By Tyler Colford
A government mandated minimum wage sounds nice; I mean doesn’t everyone deserve to make a livable wage off of 40 hours, or less, of work a week? Let’s unpack what happens when a government enforces a minimum wage.
A minimum wage does not mean that workers will receive a livable wage. It means that, at a particular time, the (local, state, or federal) government, in a particular area, thinks that workers should be paid a set minimum wage. That set wage might or might not be a livable wage depending on where and when the mandated wage is actively enforced.
The dollar’s buying power can strengthen or depreciate in value; but knowing where and when, in a market, is hard to predict. There are also different economies from city to city; what is a livable wage in NYC is vastly different from Albany, NY… or rather what a livable wage is in Burlington, VT is higher than in Wilmington, VT; and when comparing NYC to Burlington their economies and livable wages are drastically different as well. These differences makes it hard to predict and enforce a “livable” wage state wide, let alone a mandated minimum wage for the whole country.

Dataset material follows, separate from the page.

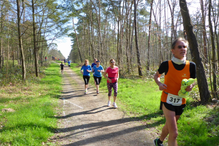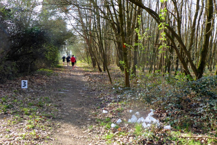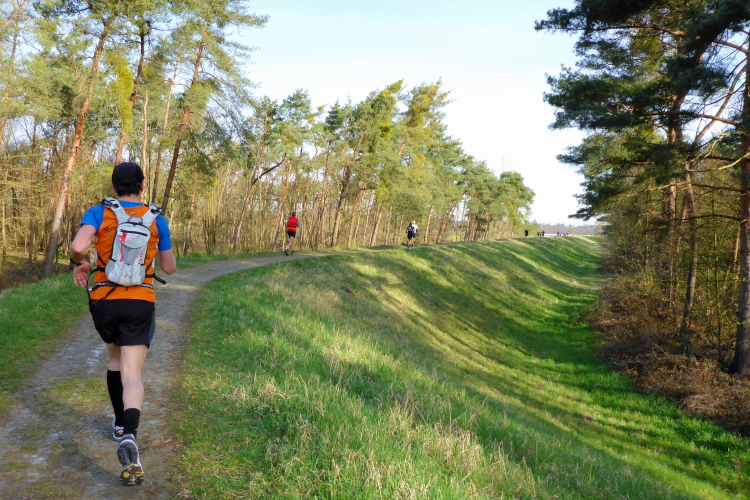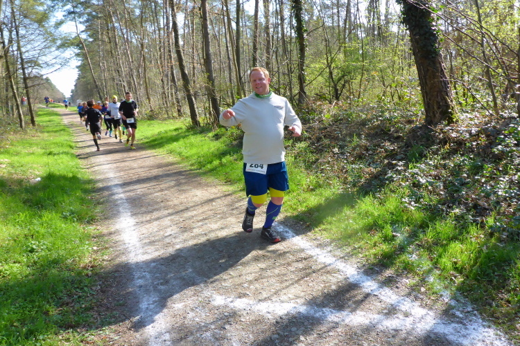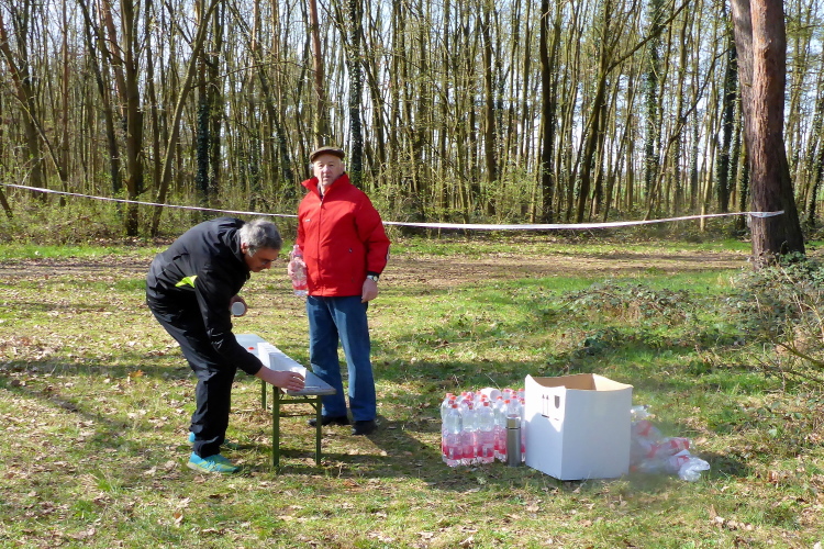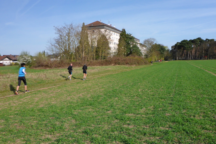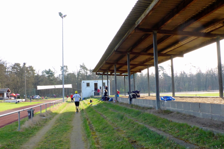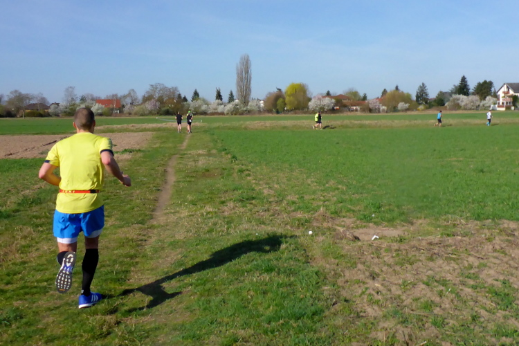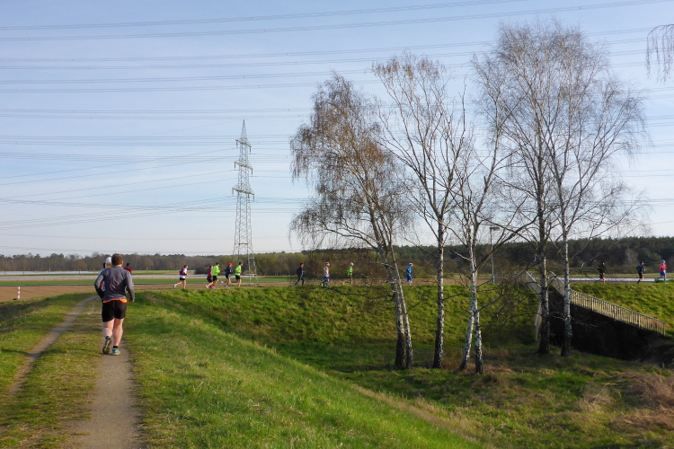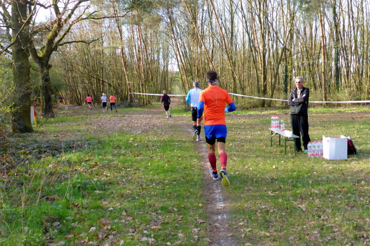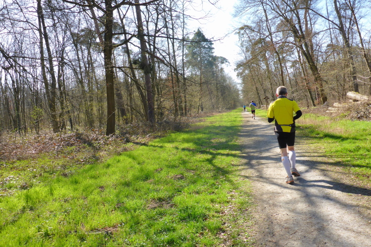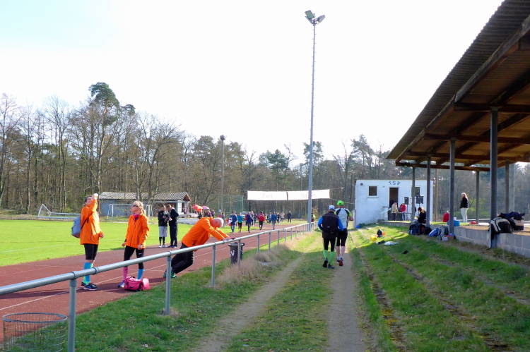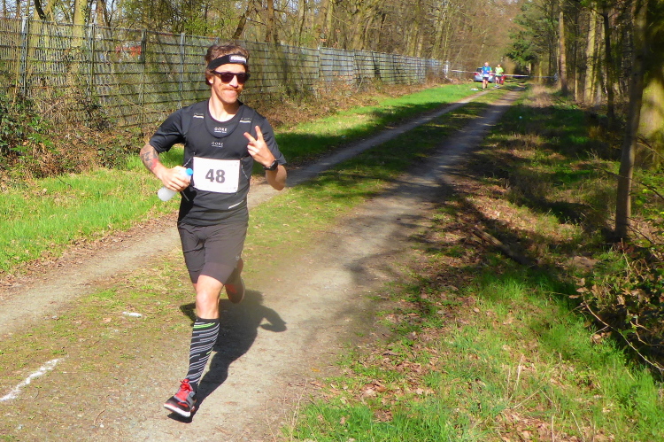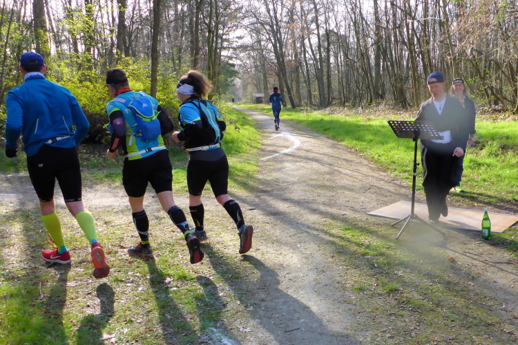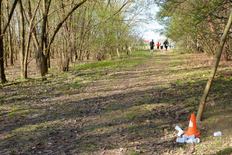 Der Wald ist licht und freundlich und hinderliche Wurzeln sind mit Sägespänen gut markiert. Hinter dem Friedhof leuchtet der Blaustern, dessen Samen von Ameisen verteilt werden. In den letzten Jahren haben sie gute Arbeit geleistet, es gibt deutlich mehr davon. Die Helfer vom TSV machen auch gute Arbeit. Das spricht sich rum und so gibt dieses Jahr mehr Läufer als Blaustern. Die Kraft für die Früh-Blüterei, bekommt man aus der Zwiebel, ich aus der Dose, Flo aus seinen pfandfreien, türkischen Wasserflaschen. Der Rest der Läufer versorgt sich an der super funktionierenden Verpflegungsstation.

Even without the problems with different economies and the difficulties at predicting the economic strength of a country in the future; employer’s business habits will also change to accommodate for the minimum wage. Being forced to pay more at a starting wage, they will likely; hire fewer employees and have each employee do more; hire skilled employees over unskilled employees; or invest in machines that can cut the costs of production.
So ultimately what minimum wage could be implemented? Time and the economic state will make a previous minimum wage inadequate for the worker or unaffordable for the employer.